Many years and dozens of studies ago, the National Safety Council called for a ban on all phoning-and-driving, including hands-free devices, because research showed their use to be as dangerous as driving and talking with cell phones — which has been determined to be about the same as driving while drunk, distraction-wise.

How did some states, including ours, respond? By passing laws making it legal to drive and talk with “hands-free” devices.

How did some automakers respond? By building and heavily advertising vehicles that come with “dashboard infotainment systems” that respond to one’s voice commands. (If spoken quite clearly and slowly.)

(Coming soon: The NSA dashboard-info-gatherer, with its secrets-per-mile algorithm.)

So it comes as no surprise that a study released last week by AAA shows that talking on a hands-free phone isn’t safer than holding a phone, and using hands-free devices that translate speech into text is the most distracting of all, researchers reported. (Emphasis ours.)

“People aren’t seeing what they need to see to drive.
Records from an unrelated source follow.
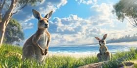Coastal Kangaroo Companions: A mother and joey kangaroo survey their coastal surroundings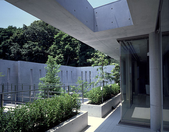 南庭は外壁の延長のRC壁で囲われた2層にわたるコート。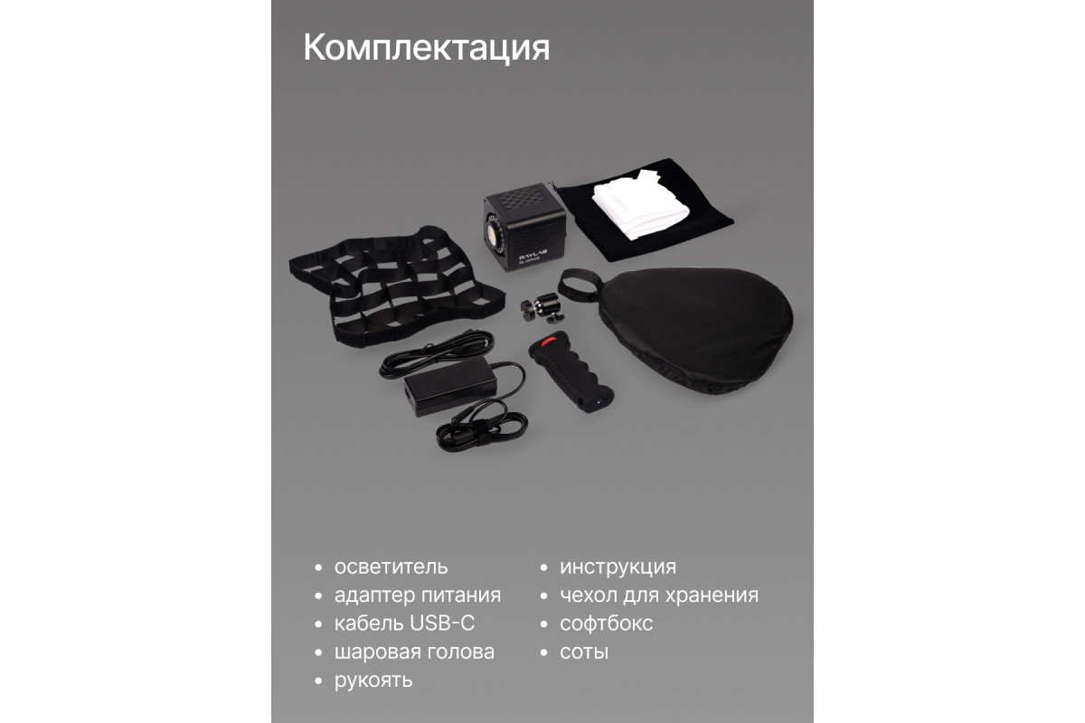 Этот светодиодный мини-моноблок – обновлённая версия популярной модели RL-40, теперь в RGB исполнении. Ваш лучший выбор для создания красивых и качественных видео дома, в студии и на выездной съёмке. Небольшой размер позволяет использовать его в качестве дополнительно для контрового света, а широкий диапазон цветов и оттенков в палитре RGB 360, позволит создать неповторимую атмосферу в кадре. Осветитель имеет встроенный LCD дисплей и возможность регулировки цветовой температуры в диапазоне 2500-6500K, что дает большую гибкость при работе в различных условиях освещения. А также предусмотрено 20 световых эффектов. Светодиоды обладают высоким CRI ≥ 95 и сроком службы до 50 000 часов. Моноблок может работать как от сети, так и от встроенного аккумулятора - до 70 минут на максимальной мощности. Для создания более жесткого направленного или, наоборот, мягкого света в комплект входят рефлектор и диффузор.

That’s the scariest part to me,” Peter Kissinger, president and CEO of the AAA Foundation for Traffic Safety, told Newsday.

That’s because the greater the concentration required to perform a task, the more likely a driver is to develop what researchers call “tunnel vision” or “inattention blindness.” Drivers will continue to look straight ahead (while ignoring side and rearview mirrors) but fail to see what’s in front of them, like red lights and pedestrians, researchers say.
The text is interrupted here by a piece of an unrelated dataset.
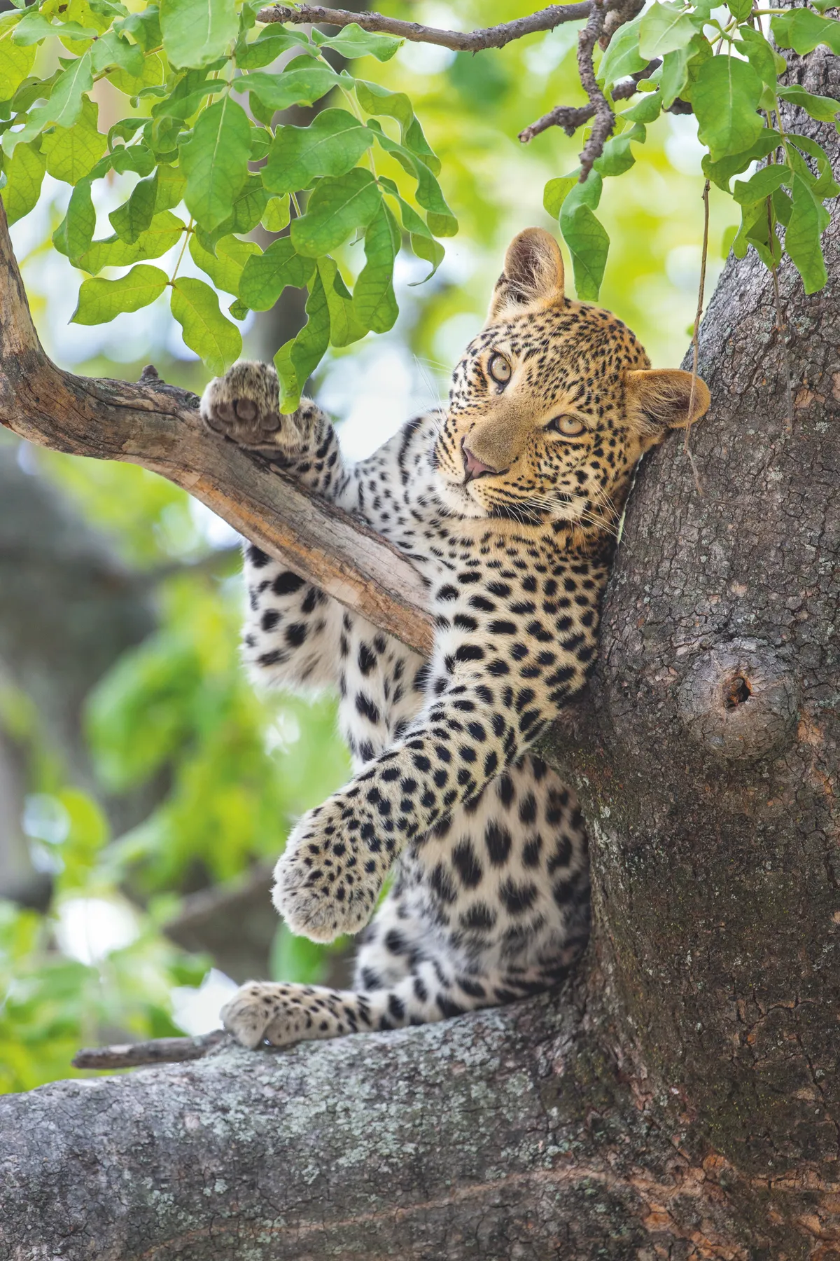 Having become proficient climbers, the young leopards doze away the midday hours in the cool and safety of the trees. In a few months, the siblings will be on the cusp of independence. Suzi Eszterhas

Predictably, the auto industry disagrees.

“We are extremely concerned that it could send a misleading message, since it suggests that hand-held and hands-free devices are equally risky,” the Alliance of Automobile Manufacturers said.

Focusing on which is riskier — hand-held or hands-free — ignores the larger issue, and mountains of scientific evidence, that both are dangerous.

Is it because we can’t measure someone’s blood for cell-phone use after an accident that refuse to take this seriously? Or is it because those who ignore the law and/or scientific evidence cross all income and education levels? As many studies have shown, over and over again, people who drive and talk on the phone believe the habit poses a danger when practiced by others, but are completely confident that they, themselves, are perfectly safe drivers.

The aforementioned “attention blindness” means that car-phone talkers are often unaware of any danger they may pose, the speed they are going, or close scrapes avoided by the defensive driving of others. They aren’t in a position to evaluate the quality of their driving.

Let this be your command: “No calls, no texts, no Tweets.”